- Opening Delimiter -

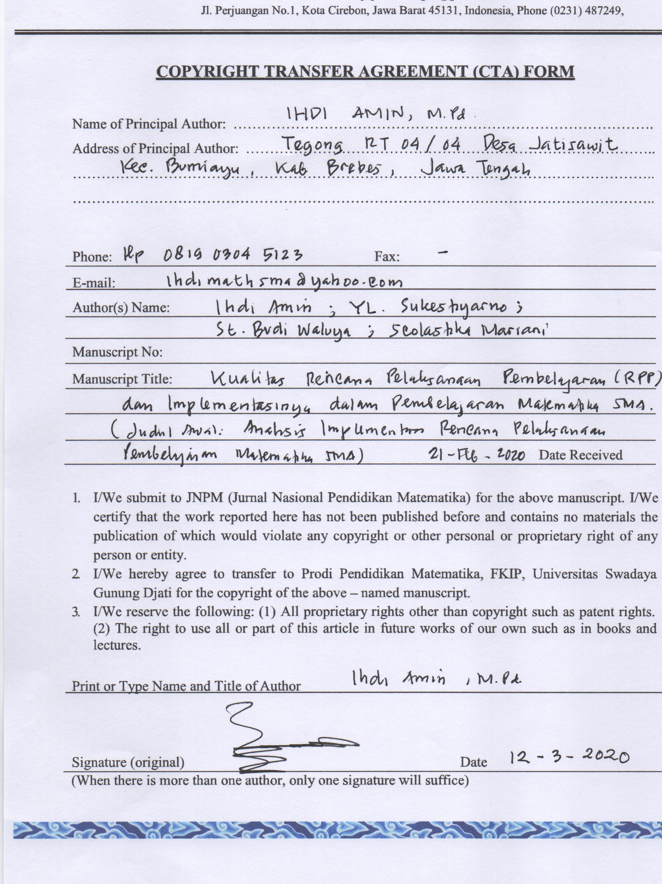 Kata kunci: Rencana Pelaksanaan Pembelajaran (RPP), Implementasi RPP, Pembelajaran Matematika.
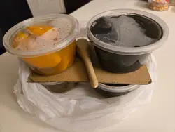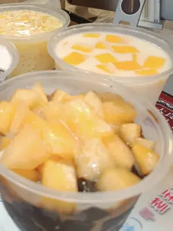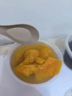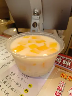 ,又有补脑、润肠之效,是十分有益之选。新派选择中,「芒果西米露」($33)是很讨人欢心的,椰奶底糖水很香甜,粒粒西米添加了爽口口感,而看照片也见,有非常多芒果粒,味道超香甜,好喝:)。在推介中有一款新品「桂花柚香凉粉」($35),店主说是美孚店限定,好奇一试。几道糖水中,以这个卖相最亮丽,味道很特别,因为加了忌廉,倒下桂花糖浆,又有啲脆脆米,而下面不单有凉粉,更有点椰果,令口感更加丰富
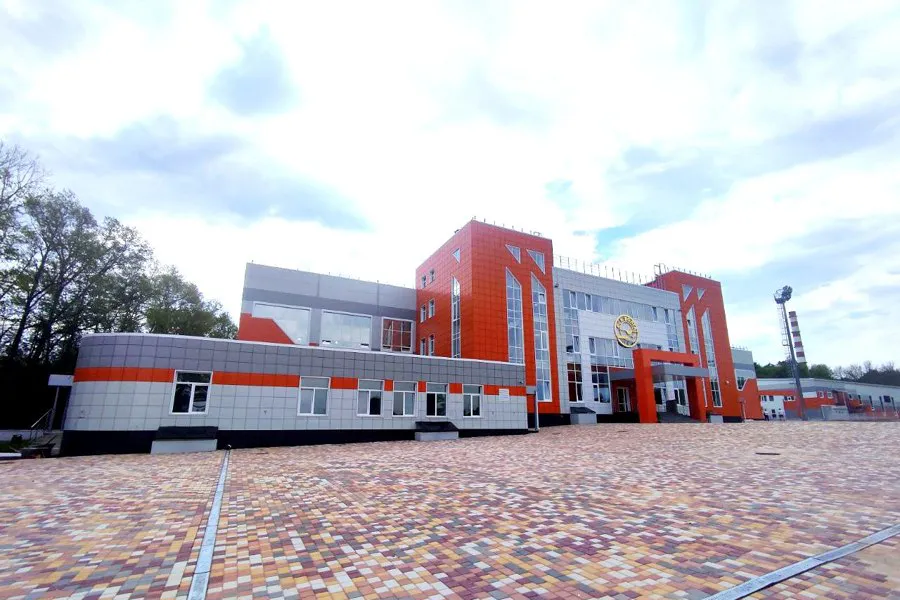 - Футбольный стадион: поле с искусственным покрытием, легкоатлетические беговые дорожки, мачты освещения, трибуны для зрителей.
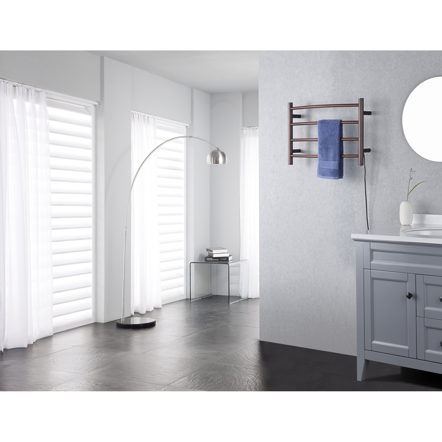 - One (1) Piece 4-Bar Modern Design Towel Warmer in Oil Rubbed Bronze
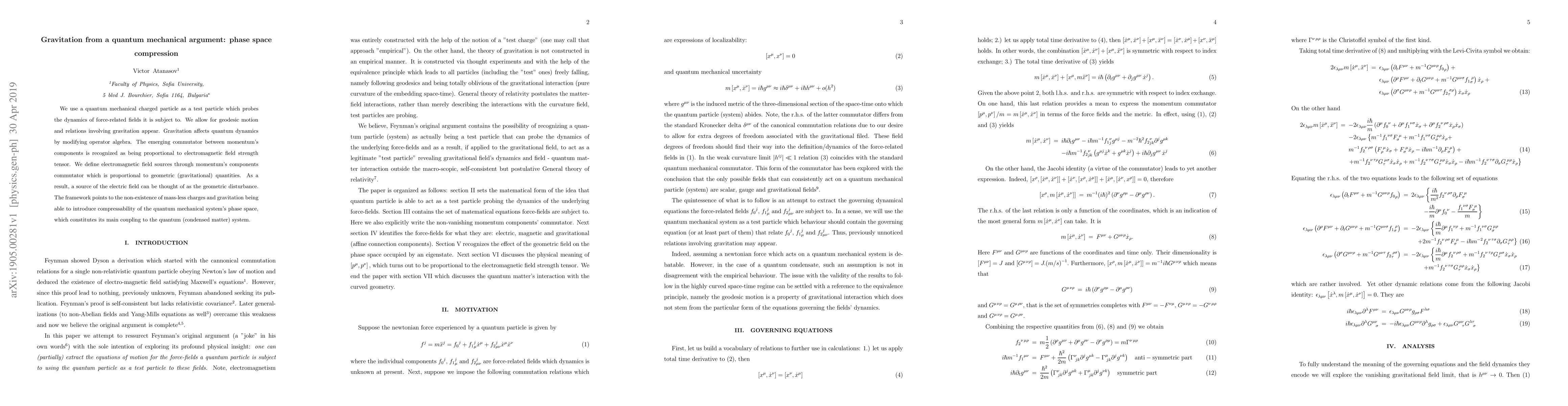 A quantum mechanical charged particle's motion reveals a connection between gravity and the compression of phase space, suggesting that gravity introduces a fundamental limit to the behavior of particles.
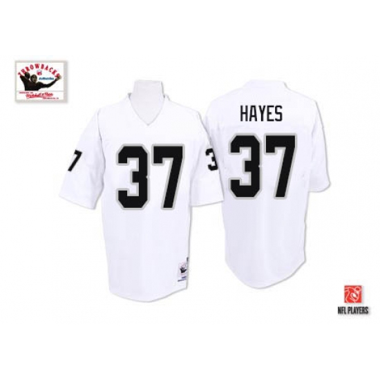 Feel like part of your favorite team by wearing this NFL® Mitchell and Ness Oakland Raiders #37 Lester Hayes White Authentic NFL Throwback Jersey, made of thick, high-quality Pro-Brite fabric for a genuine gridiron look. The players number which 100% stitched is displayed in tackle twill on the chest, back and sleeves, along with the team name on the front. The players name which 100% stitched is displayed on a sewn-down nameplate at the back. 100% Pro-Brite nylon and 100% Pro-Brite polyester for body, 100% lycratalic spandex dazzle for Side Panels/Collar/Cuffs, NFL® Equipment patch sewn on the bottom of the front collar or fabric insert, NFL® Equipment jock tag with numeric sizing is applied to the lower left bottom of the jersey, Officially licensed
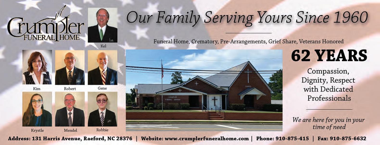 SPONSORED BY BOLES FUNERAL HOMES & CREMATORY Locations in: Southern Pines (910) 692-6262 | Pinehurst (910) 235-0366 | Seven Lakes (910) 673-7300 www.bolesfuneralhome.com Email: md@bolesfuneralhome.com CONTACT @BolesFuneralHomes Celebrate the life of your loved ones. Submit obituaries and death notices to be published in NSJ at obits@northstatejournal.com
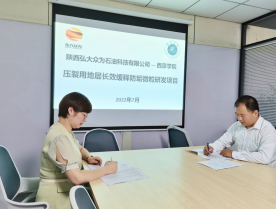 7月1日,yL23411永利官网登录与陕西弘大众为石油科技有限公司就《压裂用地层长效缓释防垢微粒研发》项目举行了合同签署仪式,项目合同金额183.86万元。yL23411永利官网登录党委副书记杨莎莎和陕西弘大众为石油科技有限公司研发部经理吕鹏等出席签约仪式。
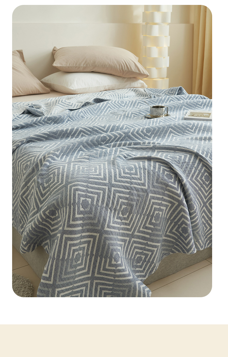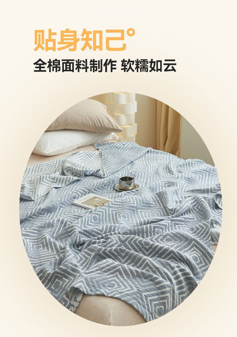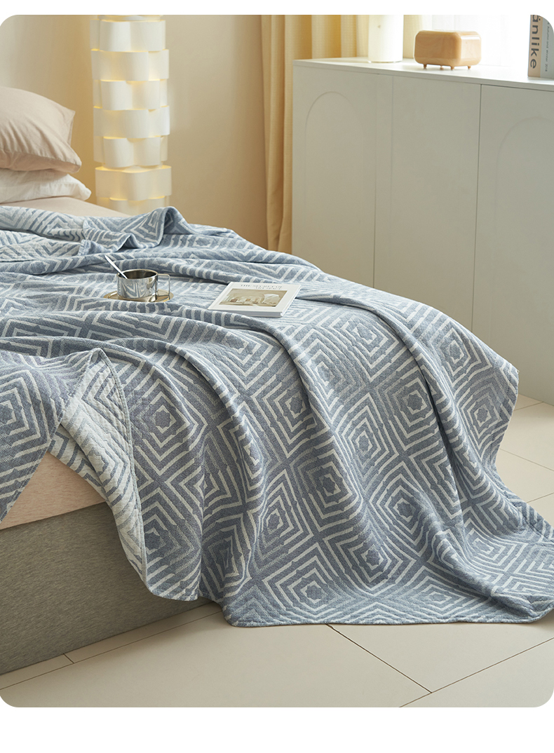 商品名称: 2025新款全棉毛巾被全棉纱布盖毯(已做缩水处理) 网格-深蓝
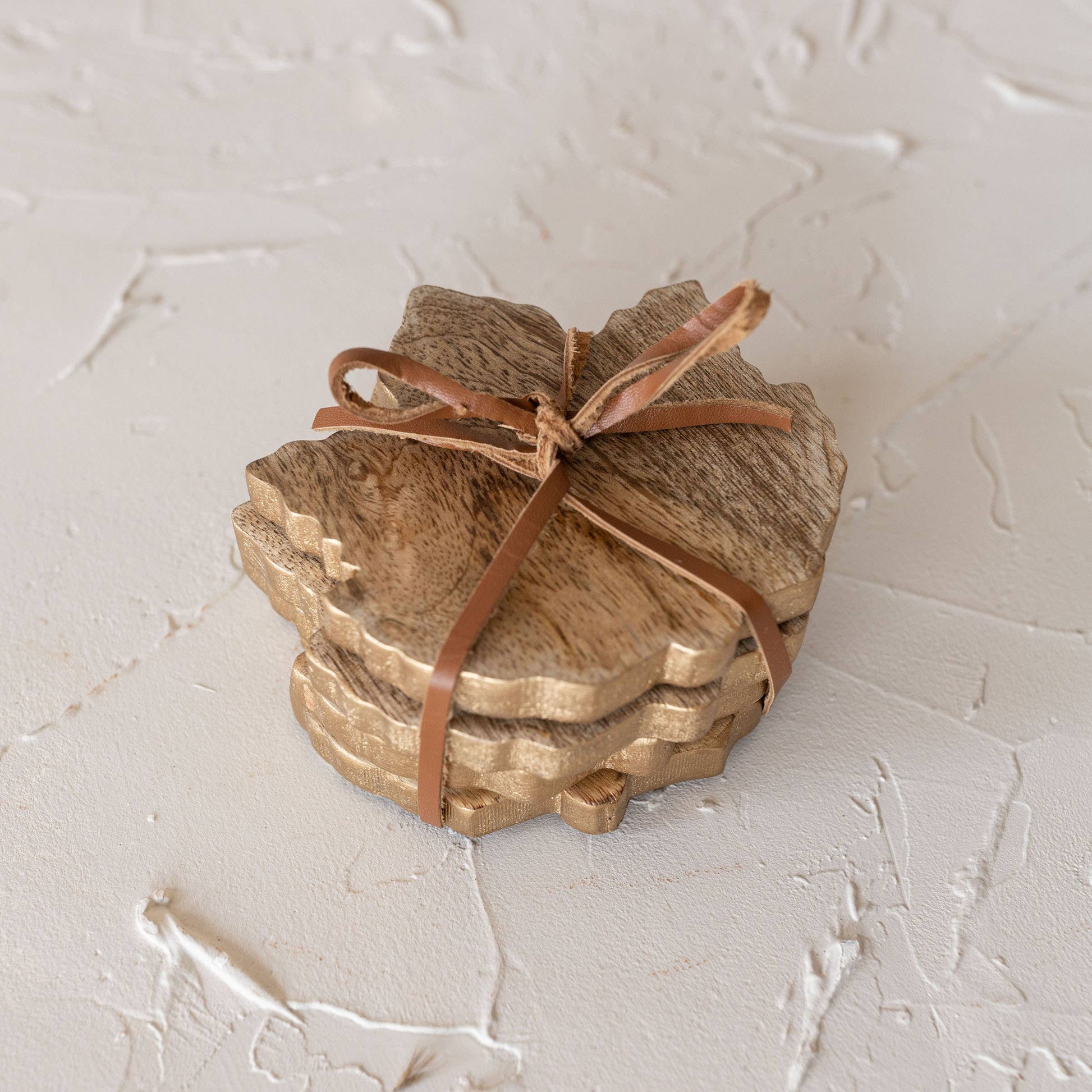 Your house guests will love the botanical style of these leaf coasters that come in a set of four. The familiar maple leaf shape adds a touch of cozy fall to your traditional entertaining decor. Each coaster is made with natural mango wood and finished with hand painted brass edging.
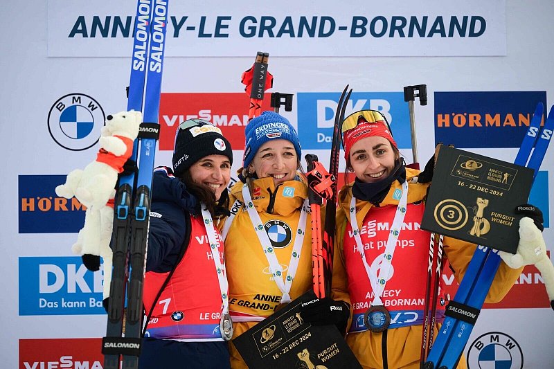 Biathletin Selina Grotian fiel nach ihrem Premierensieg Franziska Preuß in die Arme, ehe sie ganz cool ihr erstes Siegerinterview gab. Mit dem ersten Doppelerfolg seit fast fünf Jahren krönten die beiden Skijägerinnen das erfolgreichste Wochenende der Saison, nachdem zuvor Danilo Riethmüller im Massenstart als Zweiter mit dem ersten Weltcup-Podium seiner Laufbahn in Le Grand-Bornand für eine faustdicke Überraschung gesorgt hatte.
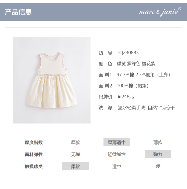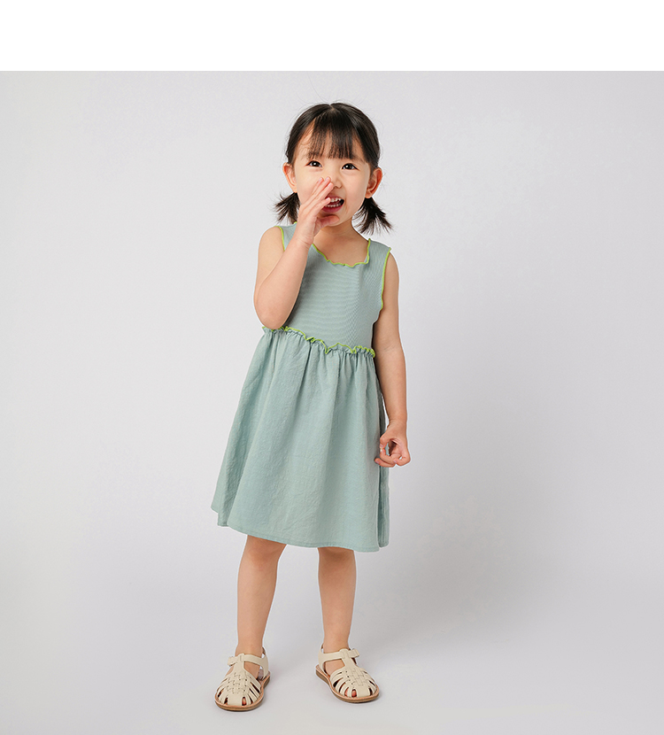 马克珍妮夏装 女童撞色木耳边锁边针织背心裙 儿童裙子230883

- Closing Delimiter -

- Problem to solve
Repeat every entry above precisely, leaving each picture out.

- Solution to this task
 Kata kunci: Rencana Pelaksanaan Pembelajaran (RPP), Implementasi RPP, Pembelajaran Matematika.
 ,又有补脑、润肠之效,是十分有益之选。新派选择中,「芒果西米露」($33)是很讨人欢心的,椰奶底糖水很香甜,粒粒西米添加了爽口口感,而看照片也见,有非常多芒果粒,味道超香甜,好喝:)。在推介中有一款新品「桂花柚香凉粉」($35),店主说是美孚店限定,好奇一试。几道糖水中,以这个卖相最亮丽,味道很特别,因为加了忌廉,倒下桂花糖浆,又有啲脆脆米,而下面不单有凉粉,更有点椰果,令口感更加丰富
 - Футбольный стадион: поле с искусственным покрытием, легкоатлетические беговые дорожки, мачты освещения, трибуны для зрителей.
 - One (1) Piece 4-Bar Modern Design Towel Warmer in Oil Rubbed Bronze
 A quantum mechanical charged particle's motion reveals a connection between gravity and the compression of phase space, suggesting that gravity introduces a fundamental limit to the behavior of particles.
 Feel like part of your favorite team by wearing this NFL® Mitchell and Ness Oakland Raiders #37 Lester Hayes White Authentic NFL Throwback Jersey, made of thick, high-quality Pro-Brite fabric for a genuine gridiron look. The players number which 100% stitched is displayed in tackle twill on the chest, back and sleeves, along with the team name on the front. The players name which 100% stitched is displayed on a sewn-down nameplate at the back. 100% Pro-Brite nylon and 100% Pro-Brite polyester for body, 100% lycratalic spandex dazzle for Side Panels/Collar/Cuffs, NFL® Equipment patch sewn on the bottom of the front collar or fabric insert, NFL® Equipment jock tag with numeric sizing is applied to the lower left bottom of the jersey, Officially licensed
 SPONSORED BY BOLES FUNERAL HOMES & CREMATORY Locations in: Southern Pines (910) 692-6262 | Pinehurst (910) 235-0366 | Seven Lakes (910) 673-7300 www.bolesfuneralhome.com Email: md@bolesfuneralhome.com CONTACT @BolesFuneralHomes Celebrate the life of your loved ones. Submit obituaries and death notices to be published in NSJ at obits@northstatejournal.com
 7月1日,yL23411永利官网登录与陕西弘大众为石油科技有限公司就《压裂用地层长效缓释防垢微粒研发》项目举行了合同签署仪式,项目合同金额183.86万元。yL23411永利官网登录党委副书记杨莎莎和陕西弘大众为石油科技有限公司研发部经理吕鹏等出席签约仪式。
 商品名称: 2025新款全棉毛巾被全棉纱布盖毯(已做缩水处理) 网格-深蓝
 Your house guests will love the botanical style of these leaf coasters that come in a set of four. The familiar maple leaf shape adds a touch of cozy fall to your traditional entertaining decor. Each coaster is made with natural mango wood and finished with hand painted brass edging.
 Biathletin Selina Grotian fiel nach ihrem Premierensieg Franziska Preuß in die Arme, ehe sie ganz cool ihr erstes Siegerinterview gab. Mit dem ersten Doppelerfolg seit fast fünf Jahren krönten die beiden Skijägerinnen das erfolgreichste Wochenende der Saison, nachdem zuvor Danilo Riethmüller im Massenstart als Zweiter mit dem ersten Weltcup-Podium seiner Laufbahn in Le Grand-Bornand für eine faustdicke Überraschung gesorgt hatte.
 马克珍妮夏装 女童撞色木耳边锁边针织背心裙 儿童裙子230883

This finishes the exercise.